Continental global water filter Mobile surface waters and soil waters are relatively disconnected on a global scale. Water on land is eventually lost by surface runoff into the oceans or is ultimately sent back to the atmosphere through evapotranspiration processes. Good et al. determined that 65% of continental water evaporation is from soils, which includes water taken up and transpired by plants (see the Perspective by Brooks). Although just a small fraction of global surface waters pass through soils, individual stream ecosystems may be affected by water quality changes in nearby soils. Science, this issue p. 175; see also p. 138 Most of global continental evaporation occurs from soils, not surface waters. [Also see Perspective by Brooks] Continental precipitation not routed to the oceans as runoff returns to the atmosphere as evapotranspiration.
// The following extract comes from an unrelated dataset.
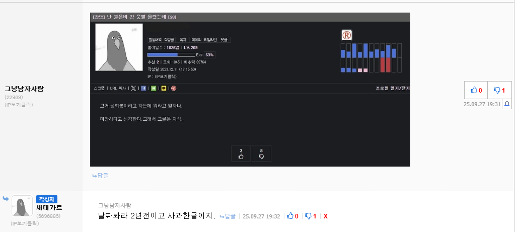 아이고 이사람아 그걸 내가 만들었냐 그 자료들을 다른사람들이 죄다 저사람 예전에 저런짓 하고 다녔던 사람 이에요 하고 저번에 저격 당햇을때 올라오던 짤들이야... 어짜피 내말은 안믿을텐데 좋을대로 생각해라 언쟁해봐야 대화가 안되는데 | 25.10.30 00:30 | | |

Partitioning this evapotranspiration flux into interception, transpiration, soil evaporation, and surface water evaporation is difficult using traditional hydrological methods, yet critical for understanding the water cycle and linked ecological processes. We combined two large-scale flux-partitioning approaches to quantify evapotranspiration subcomponents and the hydrologic connectivity of bound, plant-available soil waters with more mobile surface waters. Globally, transpiration is 64 ± 13% (mean ± 1 standard deviation) of evapotranspiration, and 65 ± 26% of evaporation originates from soils and not surface waters. We estimate that 38 ± 28% of surface water is derived from the plant-accessed soil water pool. This limited connectivity between soil and surface waters fundamentally structures the physical and biogeochemical interactions of water transiting through catchments.